Instructions to follow =
From the line containing "Canalys日前發佈的20" down to the line containing "Эта компактная косметичка" in the records below, reproduce every line exactly, ends included, and omit all others.

Top of Exercise materials

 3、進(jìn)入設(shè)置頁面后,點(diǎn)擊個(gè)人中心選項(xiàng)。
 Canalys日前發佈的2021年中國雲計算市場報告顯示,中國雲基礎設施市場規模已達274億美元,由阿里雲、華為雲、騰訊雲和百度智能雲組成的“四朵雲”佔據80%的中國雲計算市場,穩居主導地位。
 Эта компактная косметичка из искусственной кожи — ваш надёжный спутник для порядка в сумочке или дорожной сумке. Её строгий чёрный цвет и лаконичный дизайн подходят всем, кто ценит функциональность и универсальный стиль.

Bottom of Exercise materials
Top of Exercise materials

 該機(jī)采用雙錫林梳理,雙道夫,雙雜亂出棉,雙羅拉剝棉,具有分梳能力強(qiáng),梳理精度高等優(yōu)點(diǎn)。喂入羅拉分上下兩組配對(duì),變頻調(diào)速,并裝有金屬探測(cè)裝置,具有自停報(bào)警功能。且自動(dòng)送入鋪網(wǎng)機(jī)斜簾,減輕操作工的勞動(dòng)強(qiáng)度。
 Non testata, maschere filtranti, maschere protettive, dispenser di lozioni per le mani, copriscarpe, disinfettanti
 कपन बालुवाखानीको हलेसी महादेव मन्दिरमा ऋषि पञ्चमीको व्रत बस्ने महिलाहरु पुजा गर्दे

Bottom of Exercise materials

Solved exercise =
 Canalys日前發佈的2021年中國雲計算市場報告顯示,中國雲基礎設施市場規模已達274億美元,由阿里雲、華為雲、騰訊雲和百度智能雲組成的“四朵雲”佔據80%的中國雲計算市場,穩居主導地位。
 Эта компактная косметичка из искусственной кожи — ваш надёжный спутник для порядка в сумочке или дорожной сумке. Её строгий чёрный цвет и лаконичный дизайн подходят всем, кто ценит функциональность и универсальный стиль.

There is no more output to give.